Aircraft Dry Lease Agreement

It is common for a small business or individual owner of a private aircraft to make the aircraft available for use by others at times when the owner is not using the aircraft. This is often accomplished by what is referred to as an “aircraft dry lease.” An aircraft dry lease is an arrangement whereby the owner leases the aircraft to another party (lessee) and the lessee is required to provide its own pilot or pilots and pay the costs of fuel and other expenses incidental to the lessee’s operation of the aircraft. The FARs require that the owner and the lessee enter into an aircraft dry lease agreement, which provides, among other things, that the lessee is to have “operational control” of the aircraft at all times that it is operated by the lessee. This means that the lessee, rather than the owner of the aircraft, is deemed to be responsible for the operation and control of the aircraft while it is being used by the lessee, thereby placing primary liability upon the lessee for any accidents or incidents that occur during the lessee’s use of the aircraft. The financial arrangements under an aircraft dry lease vary from one lease to another but generally include an hourly charge for the operation of the aircraft, a flat fee (daily, weekly or monthly) for the lessee’s possession of the aircraft during the lease term, and reimbursement or sharing of certain costs related to maintenance, repairs and/or insurance.

Time Sharing Agreement

In situations where the owner of a private aircraft would like to make the aircraft available for use by others under a lease arrangement, but the owner prefers that the owner’s pilot(s) operate and control the aircraft while it is being used by the lessee, the owner and lessee may enter into a time sharing agreement. A time sharing arrangement differs from an aircraft dry lease arrangement in that the owner is deemed to retain “operational control” of the aircraft even though it is being leased to and used by the lessee. The two arrangements also differ on account of strict limitations imposed by the FARs on the amount that the owner of the aircraft may charge the lessee for its use of the aircraft. The lease charges under a time sharing arrangement are limited to twice the cost of fuel used in the operation of the aircraft plus the following incidental expenses associated with the operation of the aircraft: (i) travel expenses of the crew, including food, lodging and ground transportation; (ii) hangar tie-downs costs; (iii) insurance obtained for the specific flight(s); (iv) landing fees, airport taxes and similar charges; (v) flight food and beverages; and (vi) other limited incidental costs associated with the flight(s). In contrast, there are no limitations on the amount of rental fees and other charges that an owner may charge a lessee under an aircraft dry lease arrangement. Payments by a lessee to an owner under a time sharing agreement are generally subject to a 7.5 percent federal excise tax.
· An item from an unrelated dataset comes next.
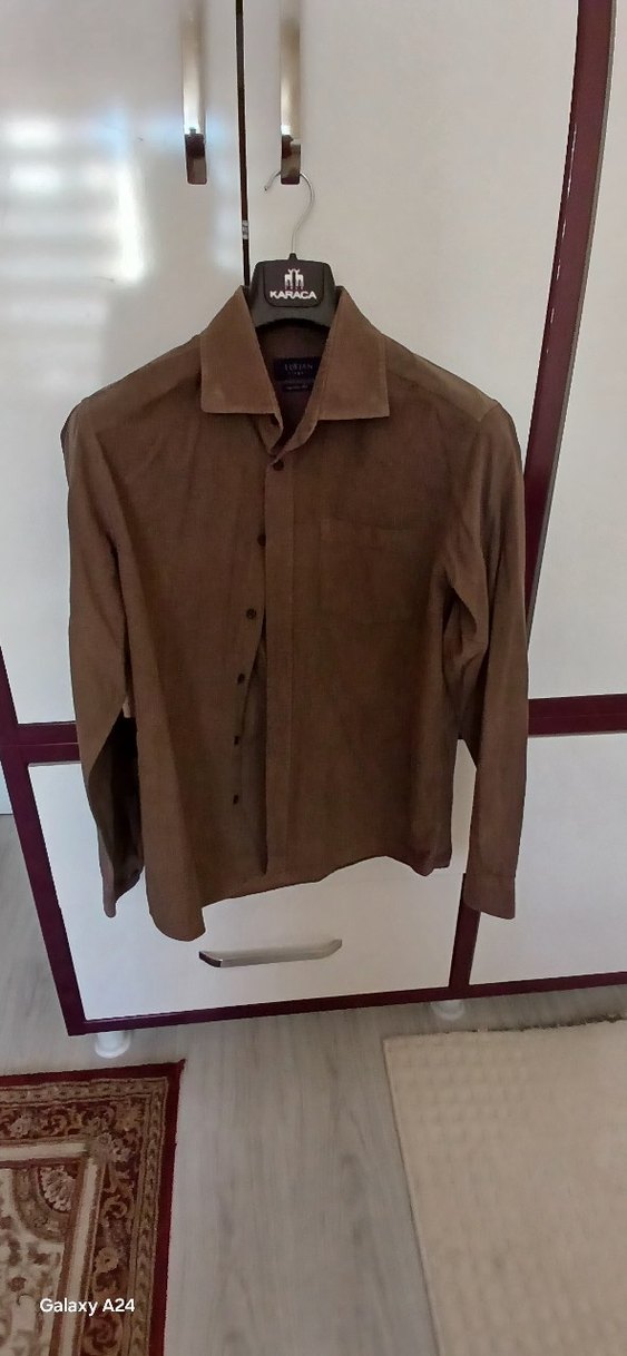 Erkek kahverengi süet gömlek, kırlangıç yaka ve düğmeli öne sahiptir. Regular fit, uzun kollu ve normal boydadır, ofis için klasik sokak tarzı sunar.

Aircraft Charter Agreement

Another opportunity for the owner of a private aircraft to generate revenue to defray the expenses associated with ownership and maintenance of an aircraft is to make the aircraft available for charter by others. Because most owners of private aircraft are not authorized to provide charter flights under Part 135 of the FARS (see Part 3 of this series for a discussion of Part 135), an owner will typically contract with an aircraft charter services company (charter operator) to place the aircraft on the charter operator’s Part 135 certificate. This makes it possible for the charter operator to provide charter flights using the owner’s aircraft when the owner is not using the aircraft. The charter operator will typically retain between 15 and 20 percent of the net charter flight revenues and remit the balance to the owner. The charter operator is responsible for all aspects of the operation of the aircraft during any charter flights, including providing the pilot(s) and other crew for the flights.

Joint Ownership Agreement

A joint ownership agreement provides for the ownership of a private aircraft by multiple individuals and/or companies who enter into an agreement regarding their respective ownership of the aircraft, the rights of each owner to use the aircraft, and the manner in which the owners will share the costs and expenses of owning, maintaining, insuring and operating the aircraft. In a joint ownership arrangement, a single owner assumes responsibility for employing and providing the pilot(s) and other flight crew to operate the aircraft for the benefit of all of the owners. The salary, benefits and other costs and expenses incurred by the owner employing the pilot(s) and other flight crew are shared among the owners in the manner provided in the joint ownership agreement.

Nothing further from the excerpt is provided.